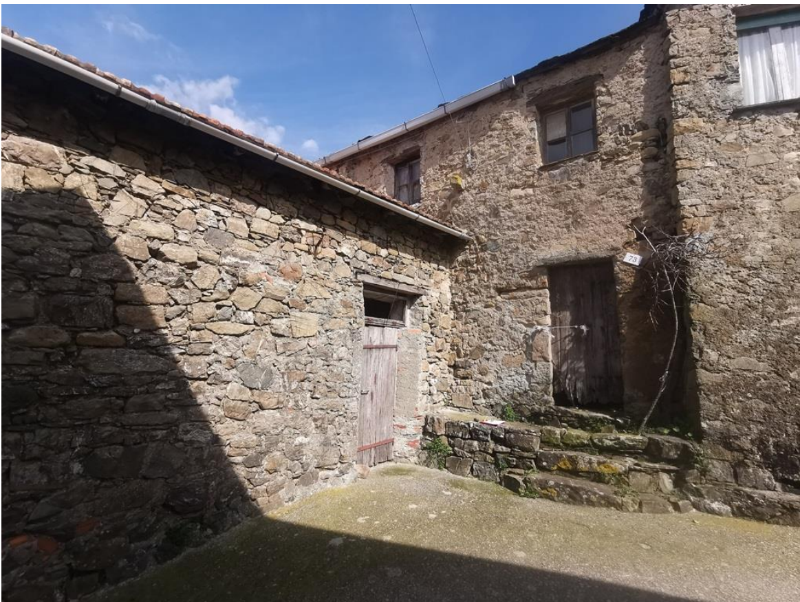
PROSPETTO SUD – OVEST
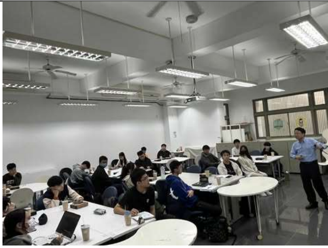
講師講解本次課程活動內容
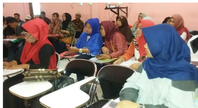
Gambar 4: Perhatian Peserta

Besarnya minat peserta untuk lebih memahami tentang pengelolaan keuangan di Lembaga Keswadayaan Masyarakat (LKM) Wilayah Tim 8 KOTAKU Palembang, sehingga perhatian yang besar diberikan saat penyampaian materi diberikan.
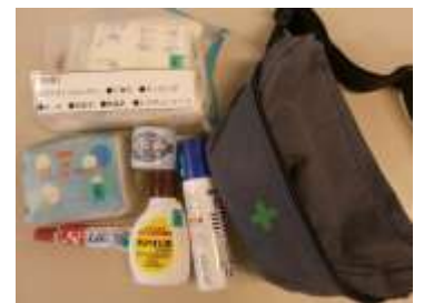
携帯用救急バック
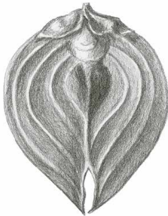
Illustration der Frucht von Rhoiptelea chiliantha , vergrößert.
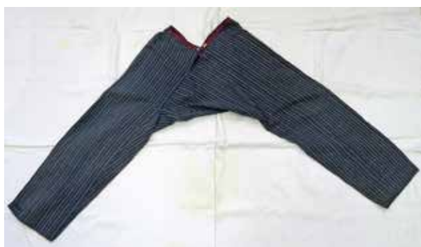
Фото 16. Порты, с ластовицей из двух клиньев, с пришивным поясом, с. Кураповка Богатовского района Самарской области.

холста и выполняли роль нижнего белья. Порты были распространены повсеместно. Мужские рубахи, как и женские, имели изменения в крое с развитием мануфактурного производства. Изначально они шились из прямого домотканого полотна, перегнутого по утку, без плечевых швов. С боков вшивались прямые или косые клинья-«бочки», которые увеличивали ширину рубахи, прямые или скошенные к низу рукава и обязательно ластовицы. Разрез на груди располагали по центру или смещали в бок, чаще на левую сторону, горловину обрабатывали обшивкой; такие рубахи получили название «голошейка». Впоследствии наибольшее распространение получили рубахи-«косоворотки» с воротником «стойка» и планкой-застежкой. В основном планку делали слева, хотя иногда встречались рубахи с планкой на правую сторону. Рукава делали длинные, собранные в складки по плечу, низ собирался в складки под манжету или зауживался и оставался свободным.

******

**Problem details:**
Every entry should be repeated verbatim, with the pictures left out.

**Exercise solution:**
PROSPETTO SUD – OVEST
講師講解本次課程活動內容
Gambar 4: Perhatian Peserta

Besarnya minat peserta untuk lebih memahami tentang pengelolaan keuangan di Lembaga Keswadayaan Masyarakat (LKM) Wilayah Tim 8 KOTAKU Palembang, sehingga perhatian yang besar diberikan saat penyampaian materi diberikan.
携帯用救急バック
Illustration der Frucht von Rhoiptelea chiliantha , vergrößert.
Фото 16. Порты, с ластовицей из двух клиньев, с пришивным поясом, с. Кураповка Богатовского района Самарской области.

холста и выполняли роль нижнего белья. Порты были распространены повсеместно. Мужские рубахи, как и женские, имели изменения в крое с развитием мануфактурного производства. Изначально они шились из прямого домотканого полотна, перегнутого по утку, без плечевых швов. С боков вшивались прямые или косые клинья-«бочки», которые увеличивали ширину рубахи, прямые или скошенные к низу рукава и обязательно ластовицы. Разрез на груди располагали по центру или смещали в бок, чаще на левую сторону, горловину обрабатывали обшивкой; такие рубахи получили название «голошейка». Впоследствии наибольшее распространение получили рубахи-«косоворотки» с воротником «стойка» и планкой-застежкой. В основном планку делали слева, хотя иногда встречались рубахи с планкой на правую сторону. Рукава делали длинные, собранные в складки по плечу, низ собирался в складки под манжету или зауживался и оставался свободным.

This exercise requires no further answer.